_WORK TO COMPLETE_
Whatever pictures the entries hold, omit them, and output exactly the lines from the one containing "2003 Pier1 imports" through the final line.

══════════════════════════════

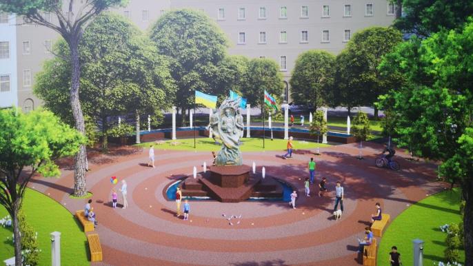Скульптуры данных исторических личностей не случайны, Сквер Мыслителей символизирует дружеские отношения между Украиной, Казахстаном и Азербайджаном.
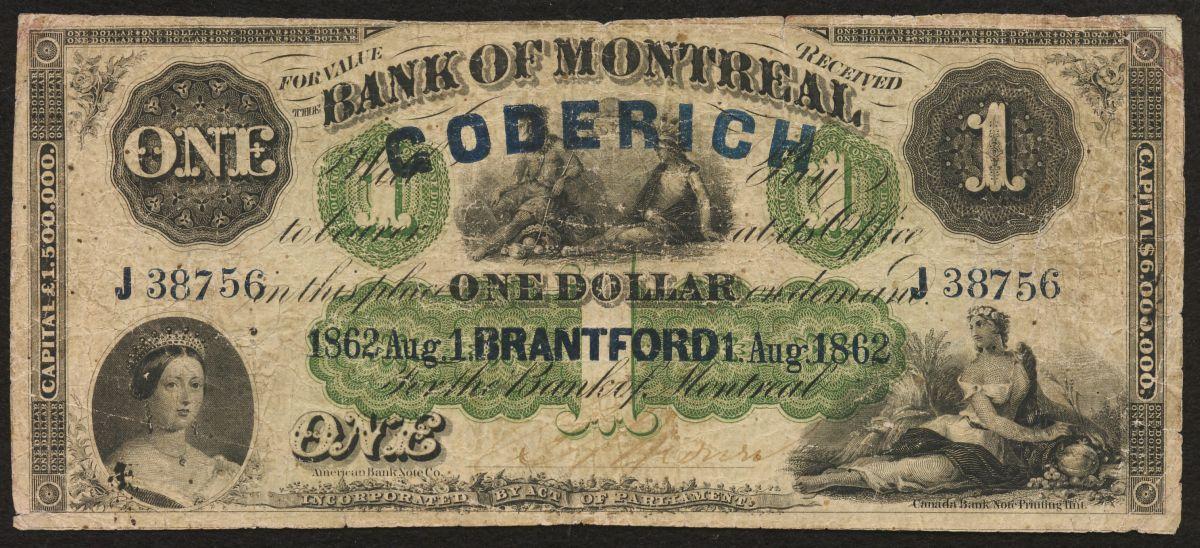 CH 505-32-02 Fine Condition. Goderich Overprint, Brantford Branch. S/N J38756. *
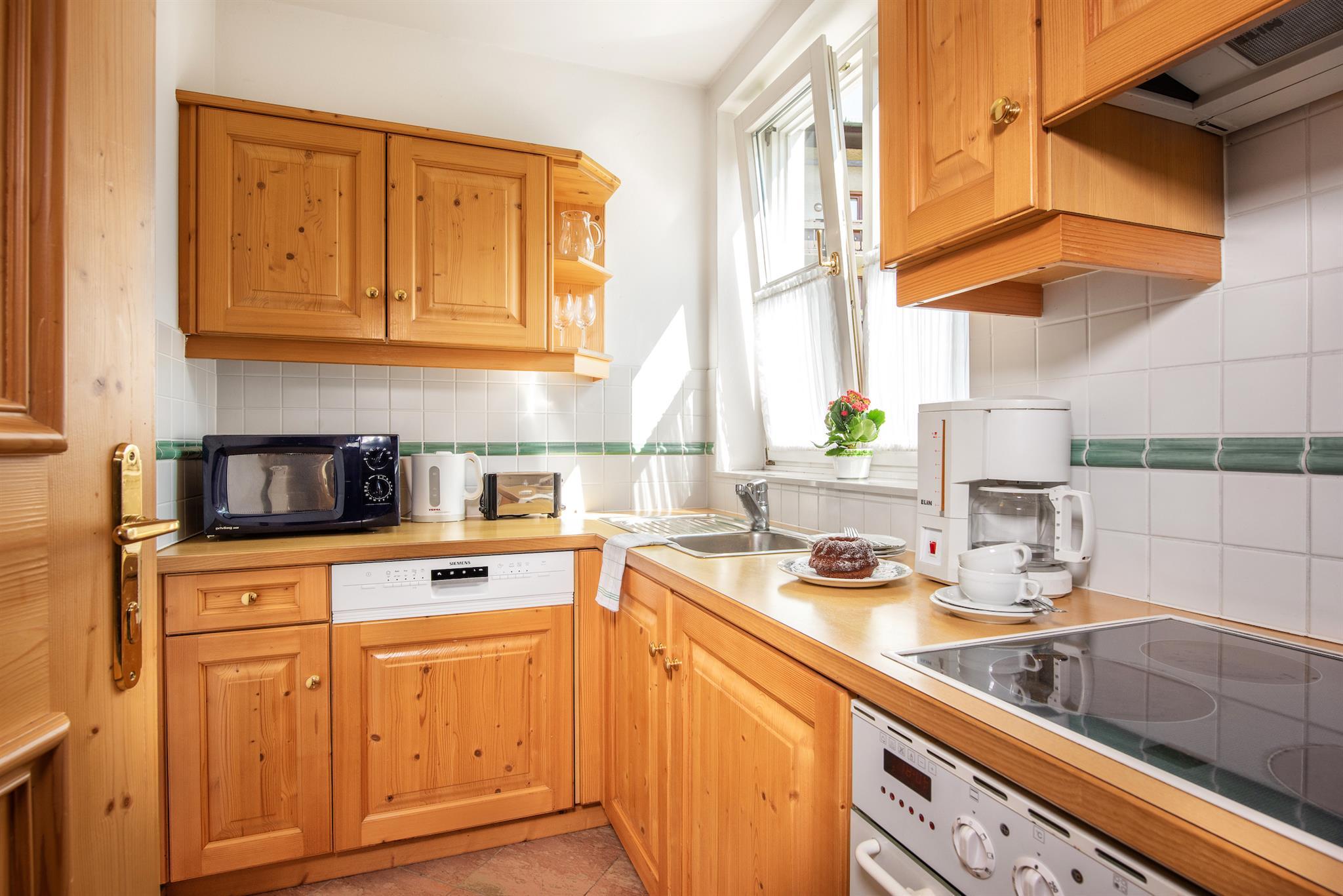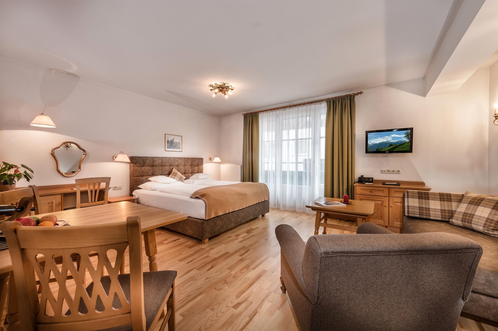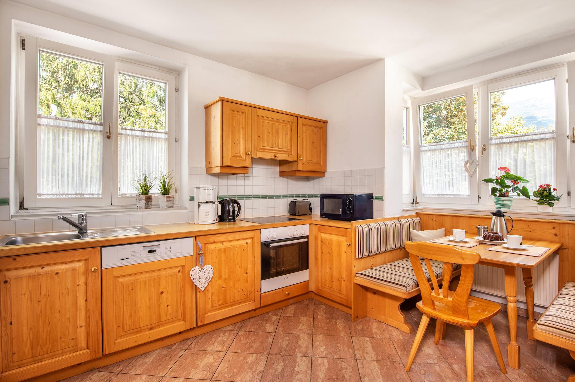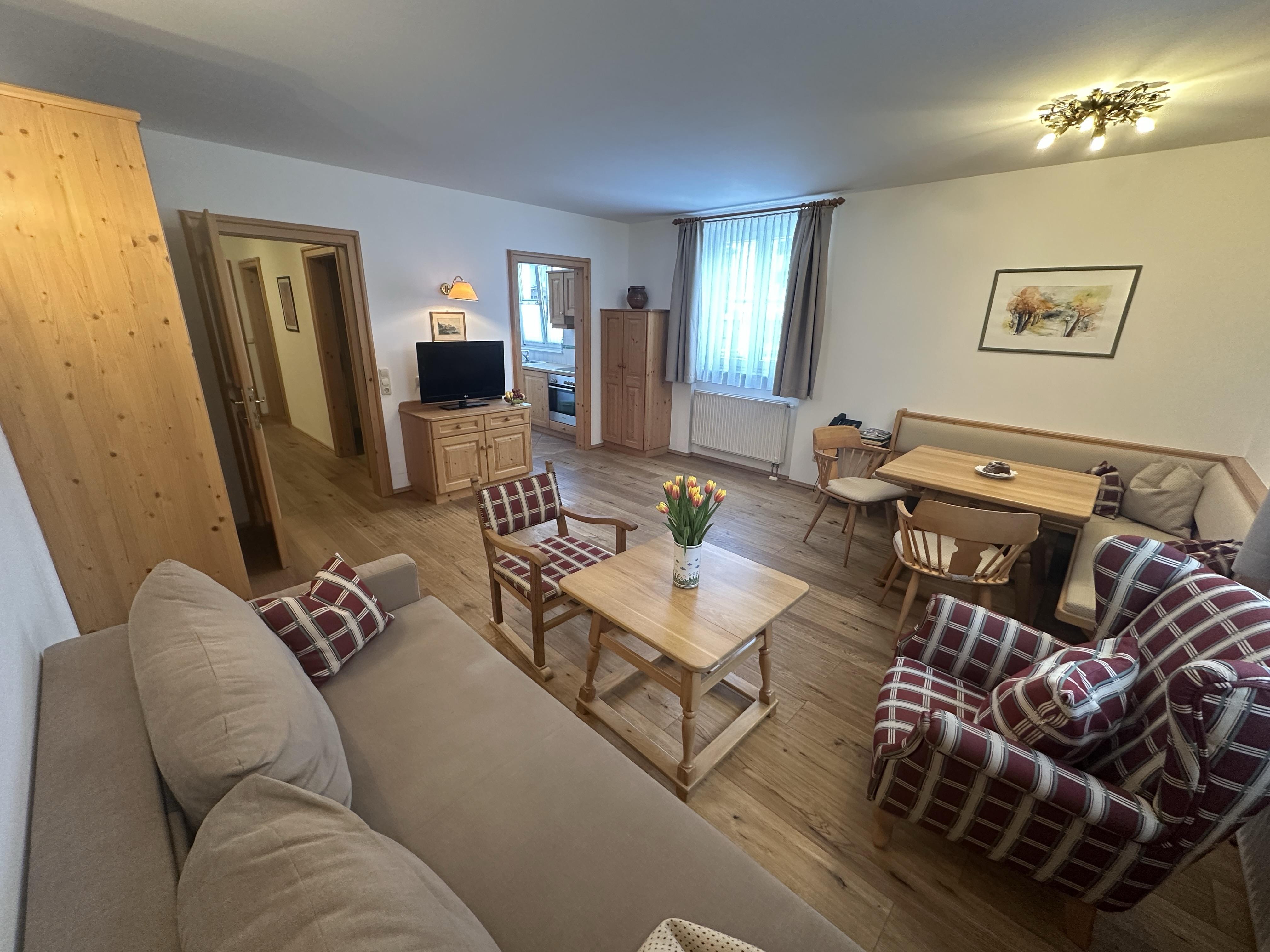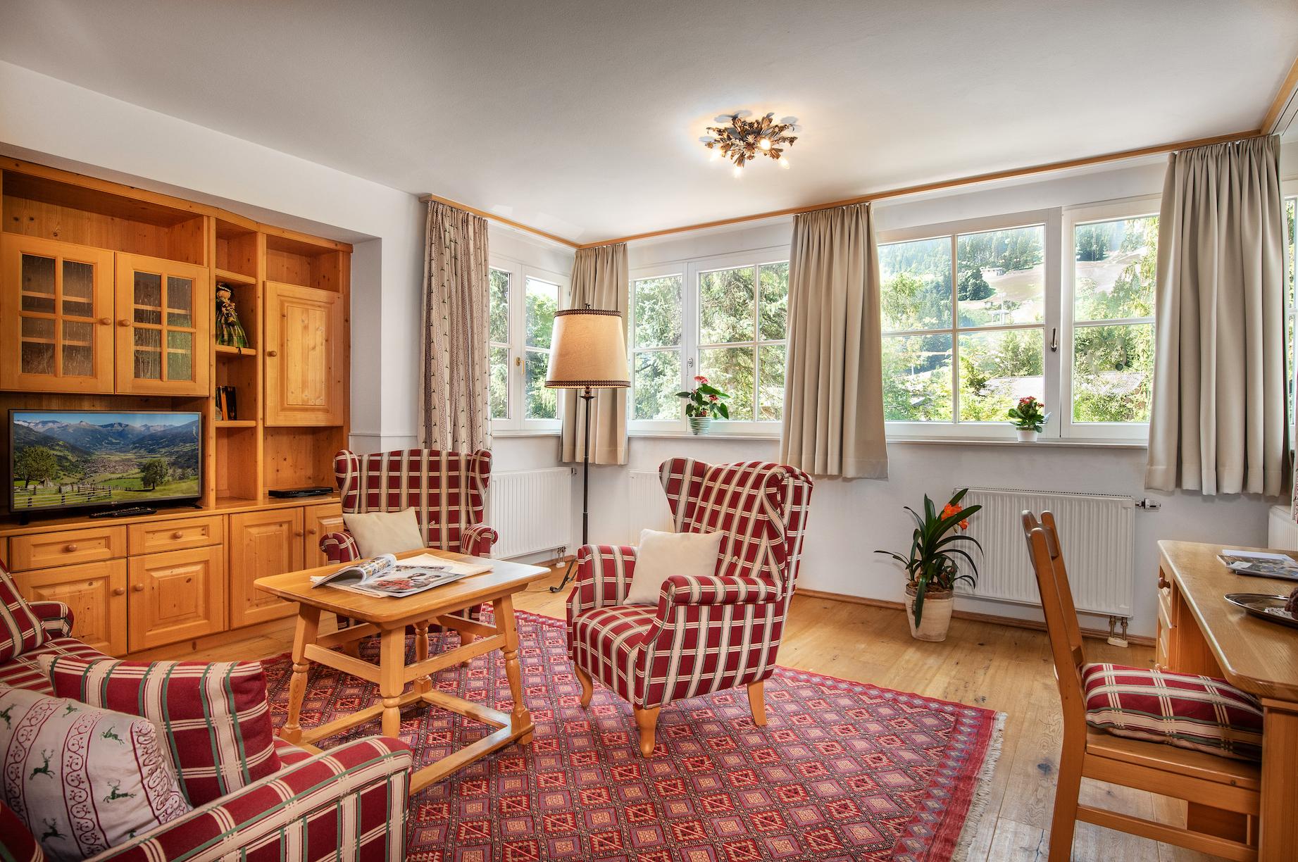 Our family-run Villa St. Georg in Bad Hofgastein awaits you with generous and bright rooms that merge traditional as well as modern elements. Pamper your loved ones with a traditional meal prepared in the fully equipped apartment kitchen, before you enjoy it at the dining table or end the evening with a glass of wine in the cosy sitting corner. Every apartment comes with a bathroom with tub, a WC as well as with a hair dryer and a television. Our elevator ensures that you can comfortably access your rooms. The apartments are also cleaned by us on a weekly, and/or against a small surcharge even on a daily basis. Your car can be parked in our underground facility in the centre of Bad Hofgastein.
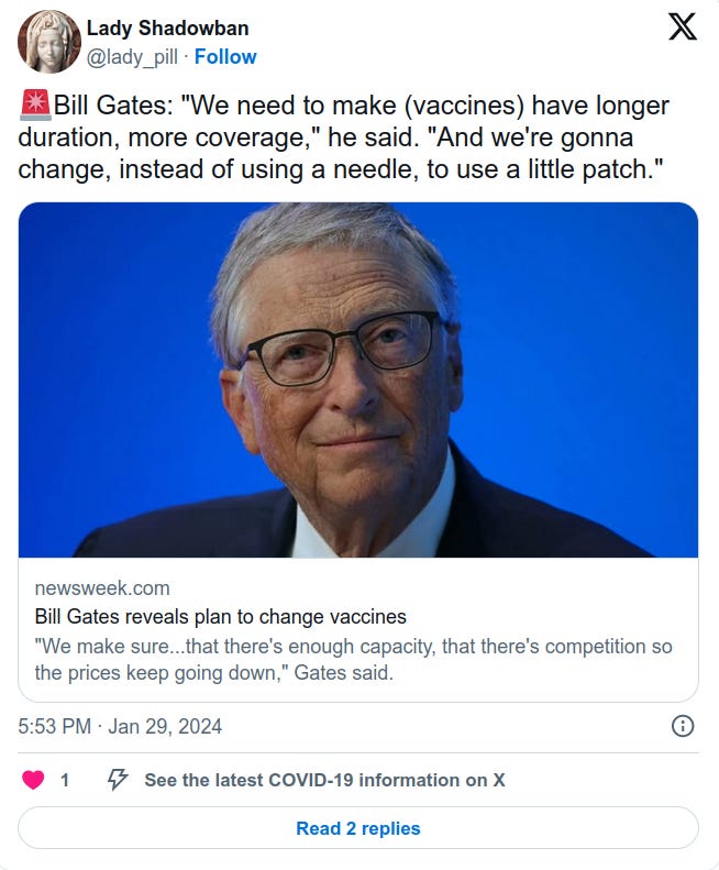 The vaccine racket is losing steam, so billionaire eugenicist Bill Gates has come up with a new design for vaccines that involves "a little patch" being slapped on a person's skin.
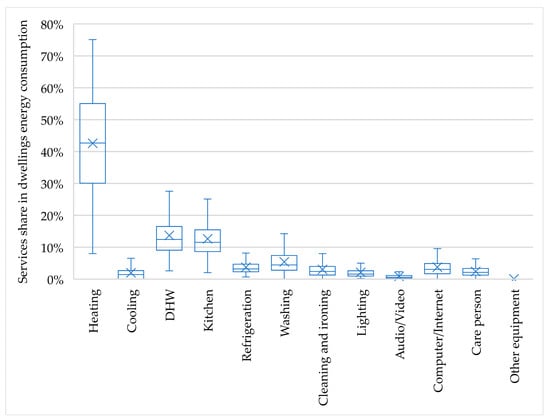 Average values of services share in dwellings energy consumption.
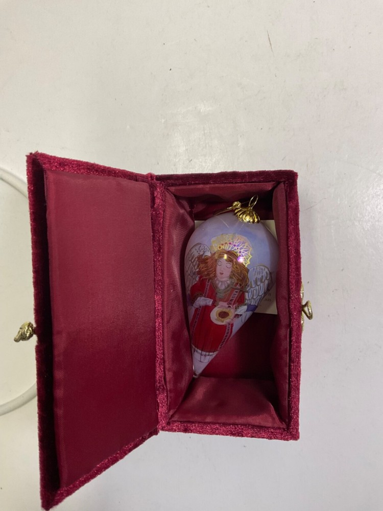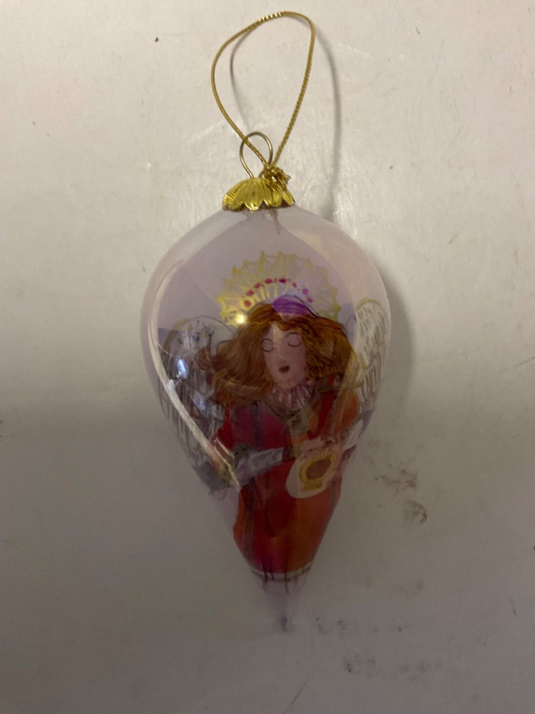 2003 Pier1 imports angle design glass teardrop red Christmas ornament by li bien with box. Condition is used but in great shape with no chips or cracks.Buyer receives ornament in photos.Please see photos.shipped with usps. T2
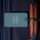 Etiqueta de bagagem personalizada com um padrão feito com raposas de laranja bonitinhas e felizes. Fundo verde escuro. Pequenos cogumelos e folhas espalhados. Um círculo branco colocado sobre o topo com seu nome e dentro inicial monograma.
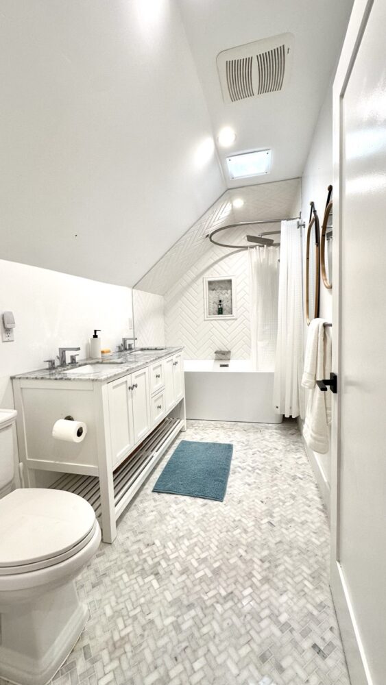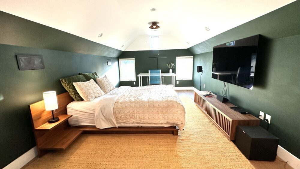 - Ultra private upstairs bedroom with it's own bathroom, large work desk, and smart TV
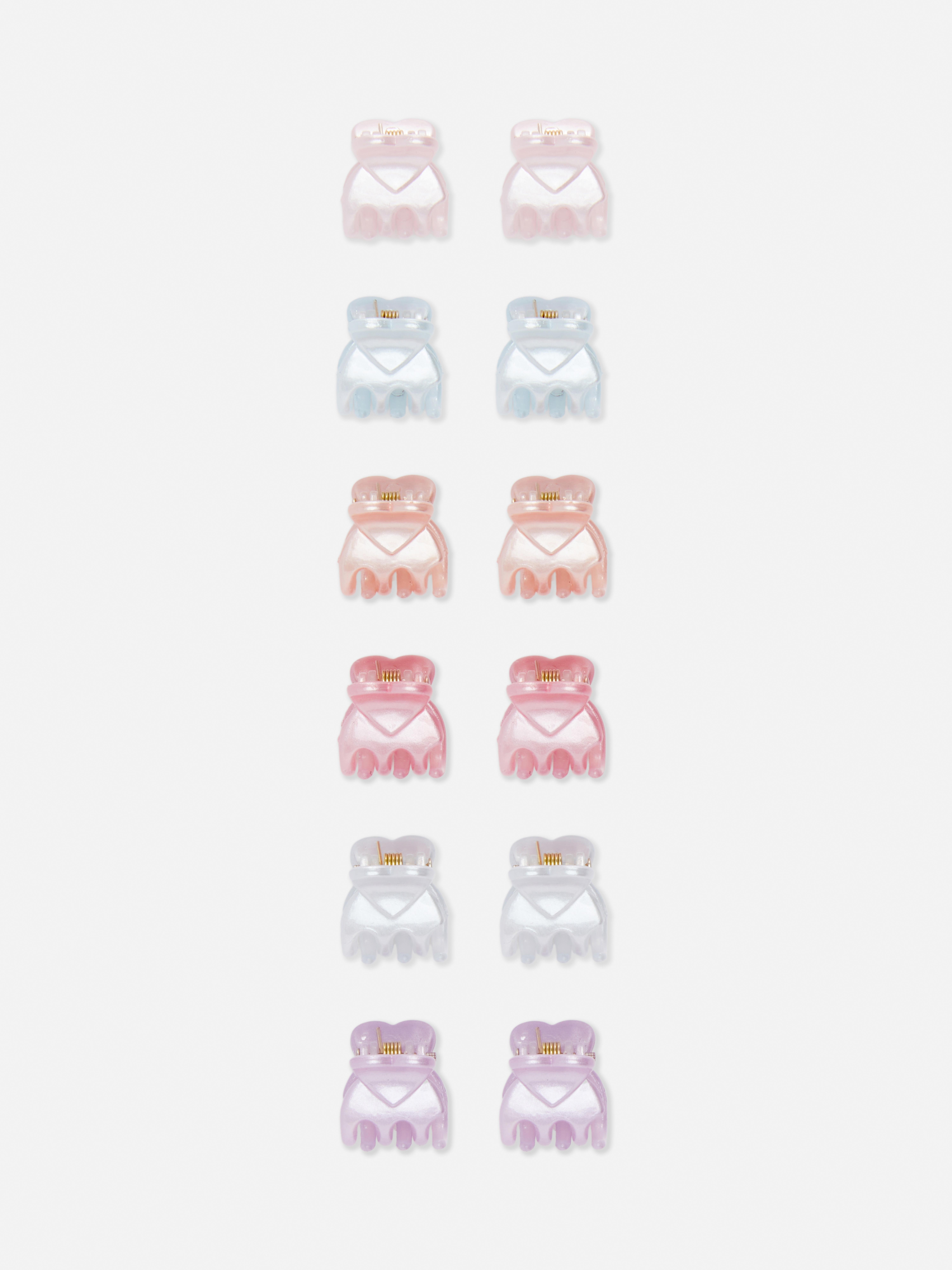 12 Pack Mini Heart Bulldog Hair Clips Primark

══════════════════════════════

_ANSWER SECTION_
 2003 Pier1 imports angle design glass teardrop red Christmas ornament by li bien with box. Condition is used but in great shape with no chips or cracks.Buyer receives ornament in photos.Please see photos.shipped with usps. T2
 Etiqueta de bagagem personalizada com um padrão feito com raposas de laranja bonitinhas e felizes. Fundo verde escuro. Pequenos cogumelos e folhas espalhados. Um círculo branco colocado sobre o topo com seu nome e dentro inicial monograma.
 - Ultra private upstairs bedroom with it's own bathroom, large work desk, and smart TV
 12 Pack Mini Heart Bulldog Hair Clips Primark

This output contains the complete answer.